7. Constitutional Protection of Freedom of Information Act 1991

The Constitution Act of Tasmania 1934 should be amended to include a schedule of "Acts Important to Democracy" this would include Freedom of Information Act 1991 and Ombudsman Act 1978. Acts in this schedule could only be amended after a public inquiry by a Select Committee of either House of Parliament or a Joint House Inquiry.

The widespread reaction to the Government's proposed amendments highlights the prime importance which one of Tasmania's key accountability mechanisms has achieved in its short history.

8. Joint Parliamentary Committee on Freedom of Information be appointed.

This recommendation has been based on the recent proposal by the NSW Ombudsman in his Special Report "Freedom of Information: way ahead"

Committee functions would include;

The NSW Ombudsman argues that there is a long term need to create an influential organisation or body to promote FoI to counterbalance the natural tendency of government and bureaucrats to lean towards the avoidance of public scrutiny.

The common experience in most, if not all, jurisdictions where Freedom of Information (FOI) schemes have been introduced is that Governments soon lose their reforming zeal.
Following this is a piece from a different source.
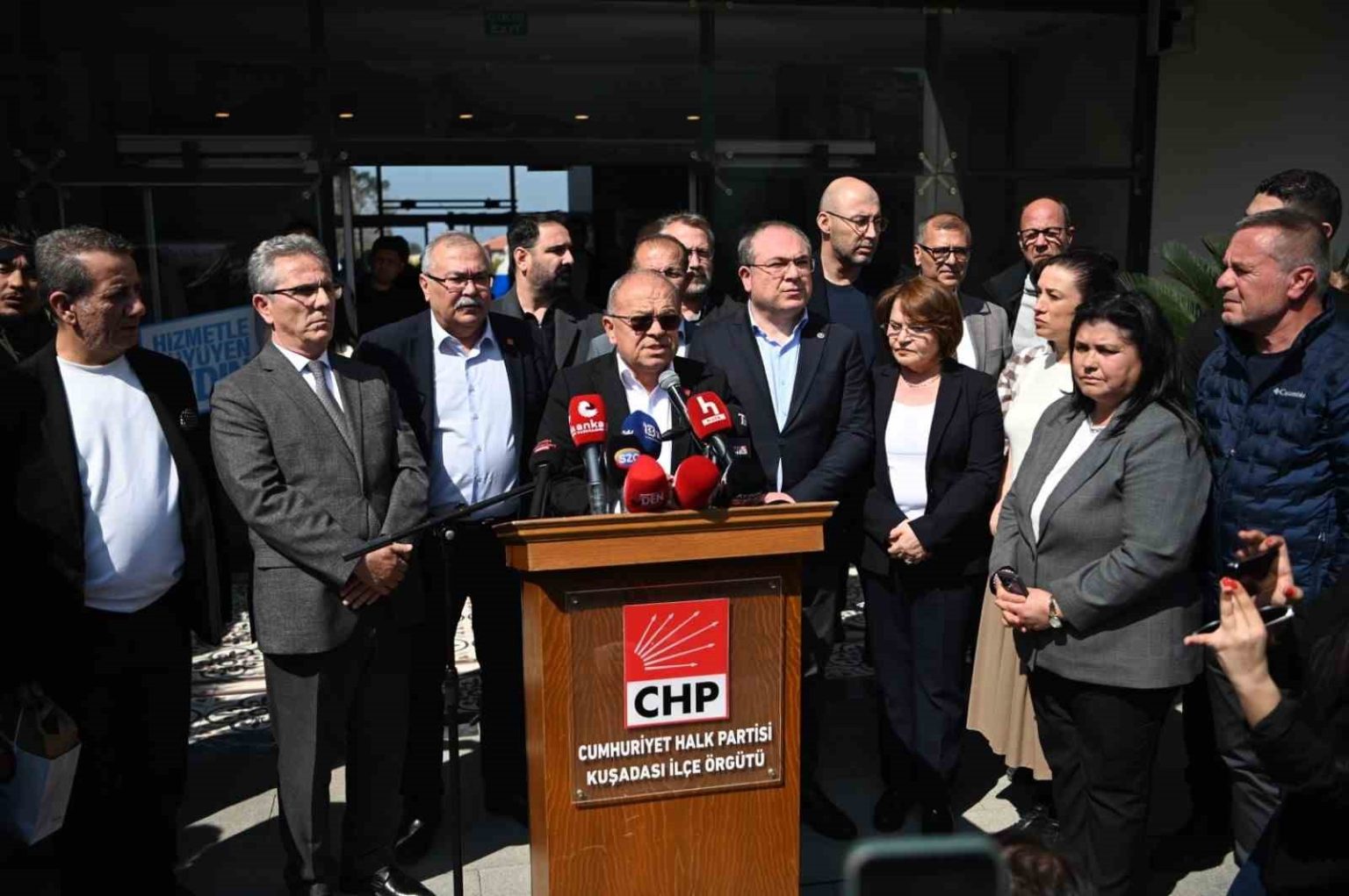 Kuşadası Belediye Başkanı Ömer Günel, İstanbul’da gözaltına alınmasının ardından CHP Aydın İl Örgütü, Kuşadası Belediyesi Ana Hizmet Binası önünde basın açıklaması düzenledi. Açıklamaya CHP Aydın Milletvekilleri Süleyman Bülbül, Evrim Karakoz, Muğla Milletvekili ve Cumhurbaşkanlığı Aday Ofisi Hukuk Politikaları Kurulu ve TBMM Adalet Komisyonu Üyesi Cumhur Uzun, CHP Aydın İl Başkanı Hikmet Saatçı, CHP Kuşadası İlçe Örgütü Başkanı Mehmet Gürbilek ve yönetimi, Aydın’daki CHP ilçe örgütlerinin yöneticileri, Efeler Belediye Başkanı Anıl Yetişkin, Didim Belediye Başkanı Hatice Gençay, Nazilli Belediye Başkanı Ertuğrul Tetik, Germencik Belediye Başkanı Burak Zencirci, Koçarlı Belediye Başkanı Özgür Arıcı, Kuyucak Belediye Başkanı Uğur Doğanca, Çine Belediye Başkanı Mehmet Kıvrak, Bozdoğan Belediye Başkanı Mustafa Galip Özel, Selçuk Belediye Başkanı Filiz Ceritoğlu Sengel, Kuşadası Belediye başkan yardımcıları, meclis üyeleri ve çok sayıda vatandaş katıldı.

Government commitment to FOI and open government, as demonstrated by the introduction of such schemes, is seldom, if ever, maintained for any length of time.

There is a basic conflict between the concepts of FOI and open government on the one hand, and the desire of governments and their bureaucrats to avoid criticism and to keep accountability within "acceptable limits" on the other. In this NSW is no different to anywhere else.

9. Amendment of Section 27 (Internal Working Documents)

Section 27(4) should be amended to include a new subsection that removes the possibility of agencies claiming "frankness and candour" as a basis for non-disclosure of internal working documents.

The NSW Ombudsman in his Special Report "Freedom of Information: way ahead" has recommended that;

Clause 9 of Schedule 1 of the FOI Act be amended to distinguish between pre and post decision-making and to limit the circumstances where an exemption applies after a decision has been made (without creating any implication that pre-decisionmaking documents are automatically exempt).

I would argue that Section 27 should be likewise amended.


1. NSW Ombudsman, "Freedom of Information - Way Ahead".

2. Information Commissioner (Canada) Annual Report 1994, 21-22.

3. Annual Report Under the South Australian Freedom of Information Act 1991 for Year Ending 30 June 1994 at 11.

4. R. Snell "Hitting the Wall: Does Freedom of Information have staying power?" AIAL Conference Brisbane July 1994.

5. Anne Ardagh, "Freedom of Information in Australia: a Comparative and Critical Assessment" paper delivered at ALTA Conference, Western Australia 1991 reprinted in Roger Douglas and Melinda Jones, Administrative Law: Cases and Materials, The Federation Press 1993, 137-147 at 145.

6. Zifcak, S 'Freedom of information: torchlight but not searchlight", Paper presented at National Conference on Administrative Law, (1991) 66 Canberra Bulletin of Public Administration 162.

7. First Annual Report of the Office of the Information Commissioner WA 1993-1994, 26.

8. NSW Ombudsman, "Freedom of Information - Way Ahead".